• What is required: Could the listing below be reproduced exactly, minus its pictures?
+===+
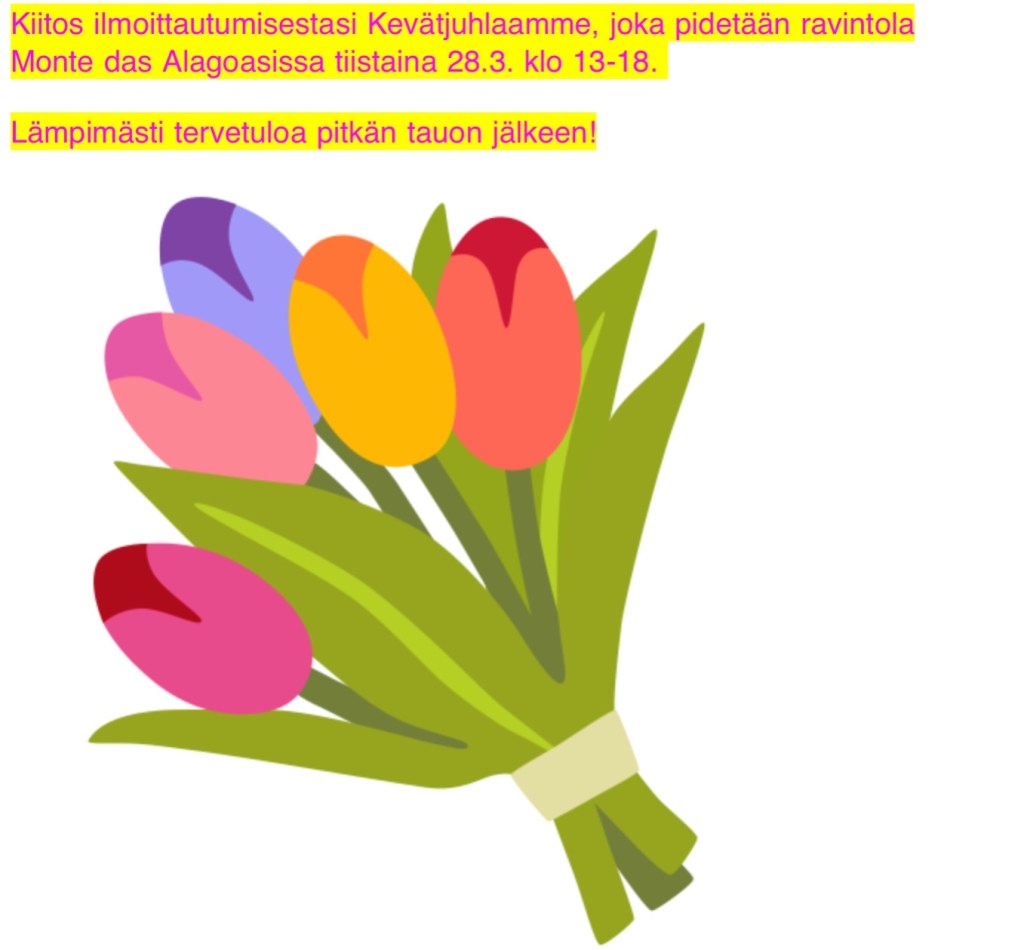 Algarven Suomi-seuran kevätjuhla oli elämys. En olekaan aiemmin ollut kevätjuhlassa, koska saavuimme tänne ensimmäisenä pandemiakesänä, eikä silloin tietenkään ollut mitään tapahtumia.
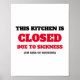 Cette affiche humoristique fermée de cuisine est idéale comme poster pour les portes de cuisine ou les murs de cuisine.
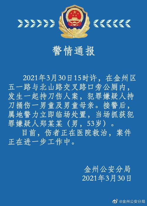 原标题:大连一男童及其母亲公厕内被捅伤,警方:一53岁男子被抓
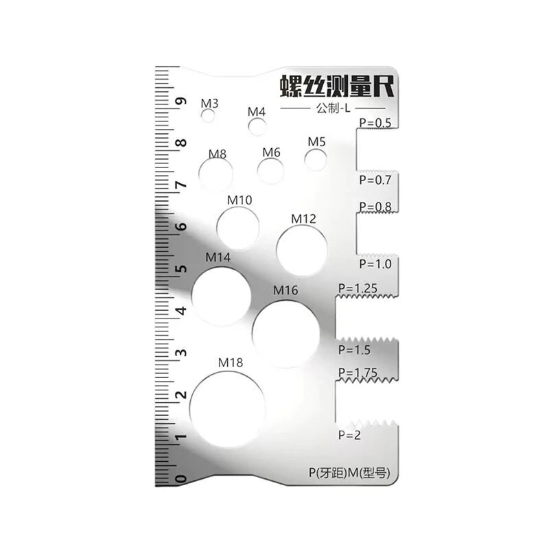 Specifikationer:Produktnamn: TrådtjocklekMaterial: Högkvalitativt 304 rostfritt stålDimensioner: Ungefär 10 x 5 cm / 3.94 x 1.97 tumVikt: Ungefär 35 gFunktioner:1. Robust komposition i rostfritt stål: Tillverkad med premium 304 rostfritt stål för långvarig prestanda i krävande miljöer, vilket erbjuder hög motståndskraft mot slitage, korrosion och miljöfaktorer.2.Effektiv fler-mätningsdesign: Kombinerar ett precist identifieringssystem med en dubbel-skala mätalternativ,vilket ger mångsidighet för olika trådspecifikationer i ett enda verktyg.3. Tydlig dubbel skala kalibrering: Funktioner med väl ingraverade numeriska markeringar med dubbel skala integrering,vilket möjliggör mycket exakta avläsningar samtidigt som det minimerar användarfel vid storleksidentifiering.4. Platsbesparande portabilitet: Designad med lätta, kompakta dimensioner och en halkskyddad yta, vilket gör den idealisk för bekväm transport och pålitlig hantering över olika arbetsytor.5. Bred tvärindustriell tillämpning: Utformad för att täcka ett brett spektrum av fästelement, vilket främjar sömlös anpassning i hantverk, hem och industriella uppgifter för trådmatchning och skruvmodellidentifiering.Förpackningen innehöll:1 x Gängmått
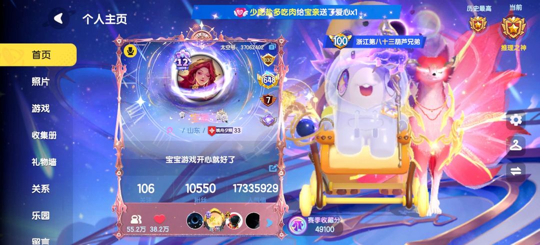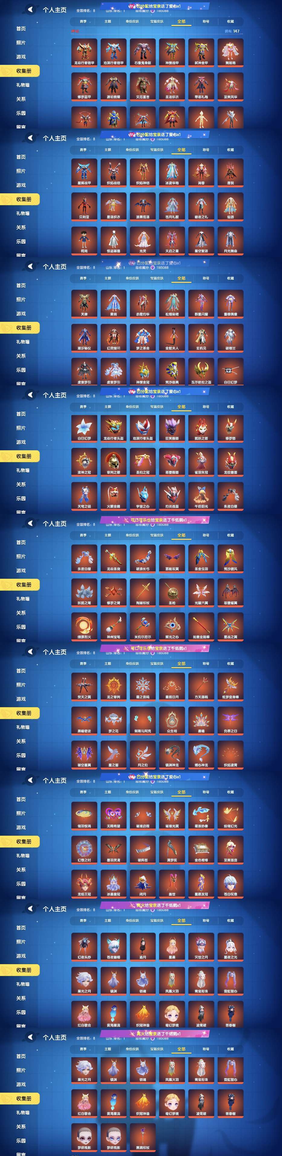装备描述:东西基本齐了,最新熊出没全套已秒 三个专属称号暗影主宰 雪域之巅 云顶之巅 s1.2.3.4.5.6.7.8.9.11.12,ss1.2.3.4.5.6.7.8.9.10赛季全集齐。神话皮肤差四套全满,身份皮肤差一个全,传说皮肤也基本齐了,8个三个币的坐骑,50w氪度
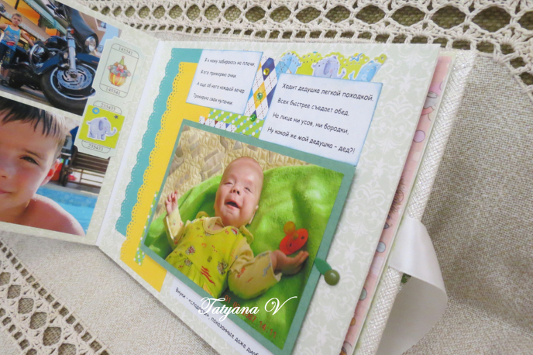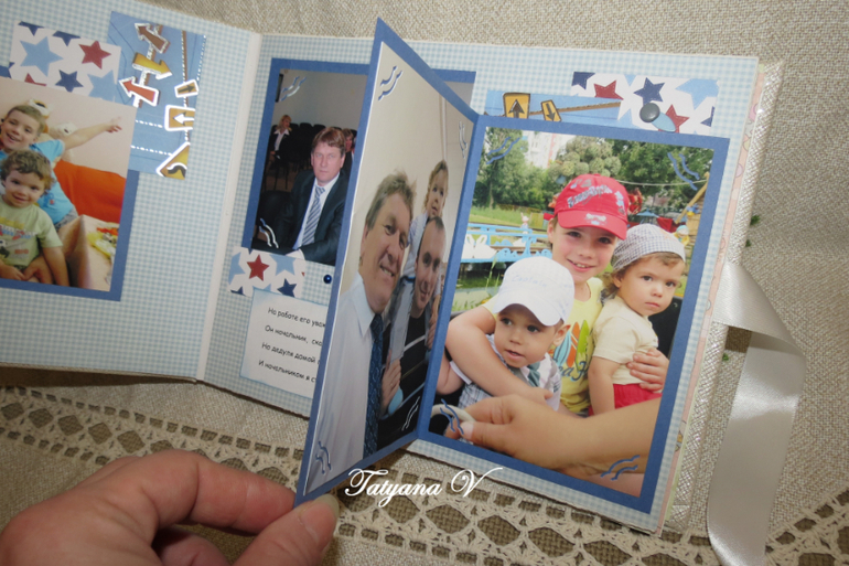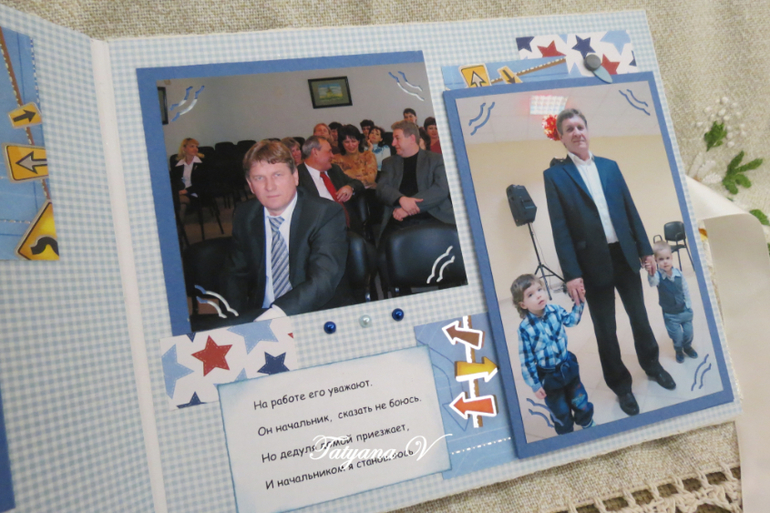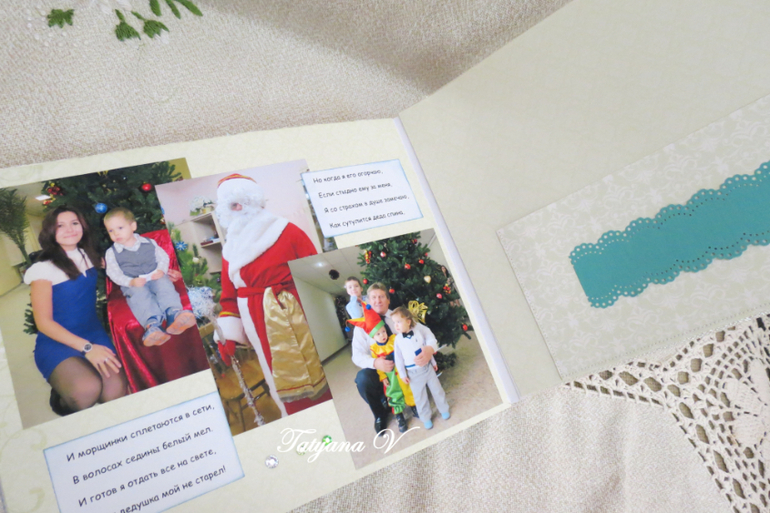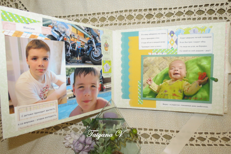 Но не буду о грустном. Альбом всего на 4 разворота. Размер 20*25 см. на 27 фотографий. Специально не делала никаких цветочков, и нашла очень симпатичные стихи про деда и афоризмы про внуков. Всех приглашаю к просмотру.
+===+
• Completed exercise:
 Algarven Suomi-seuran kevätjuhla oli elämys. En olekaan aiemmin ollut kevätjuhlassa, koska saavuimme tänne ensimmäisenä pandemiakesänä, eikä silloin tietenkään ollut mitään tapahtumia.
 Cette affiche humoristique fermée de cuisine est idéale comme poster pour les portes de cuisine ou les murs de cuisine.
 原标题:大连一男童及其母亲公厕内被捅伤,警方:一53岁男子被抓
 Specifikationer:Produktnamn: TrådtjocklekMaterial: Högkvalitativt 304 rostfritt stålDimensioner: Ungefär 10 x 5 cm / 3.94 x 1.97 tumVikt: Ungefär 35 gFunktioner:1. Robust komposition i rostfritt stål: Tillverkad med premium 304 rostfritt stål för långvarig prestanda i krävande miljöer, vilket erbjuder hög motståndskraft mot slitage, korrosion och miljöfaktorer.2.Effektiv fler-mätningsdesign: Kombinerar ett precist identifieringssystem med en dubbel-skala mätalternativ,vilket ger mångsidighet för olika trådspecifikationer i ett enda verktyg.3. Tydlig dubbel skala kalibrering: Funktioner med väl ingraverade numeriska markeringar med dubbel skala integrering,vilket möjliggör mycket exakta avläsningar samtidigt som det minimerar användarfel vid storleksidentifiering.4. Platsbesparande portabilitet: Designad med lätta, kompakta dimensioner och en halkskyddad yta, vilket gör den idealisk för bekväm transport och pålitlig hantering över olika arbetsytor.5. Bred tvärindustriell tillämpning: Utformad för att täcka ett brett spektrum av fästelement, vilket främjar sömlös anpassning i hantverk, hem och industriella uppgifter för trådmatchning och skruvmodellidentifiering.Förpackningen innehöll:1 x Gängmått
装备描述:东西基本齐了,最新熊出没全套已秒 三个专属称号暗影主宰 雪域之巅 云顶之巅 s1.2.3.4.5.6.7.8.9.11.12,ss1.2.3.4.5.6.7.8.9.10赛季全集齐。神话皮肤差四套全满,身份皮肤差一个全,传说皮肤也基本齐了,8个三个币的坐骑,50w氪度
 Но не буду о грустном. Альбом всего на 4 разворота. Размер 20*25 см. на 27 фотографий. Специально не делала никаких цветочков, и нашла очень симпатичные стихи про деда и афоризмы про внуков. Всех приглашаю к просмотру.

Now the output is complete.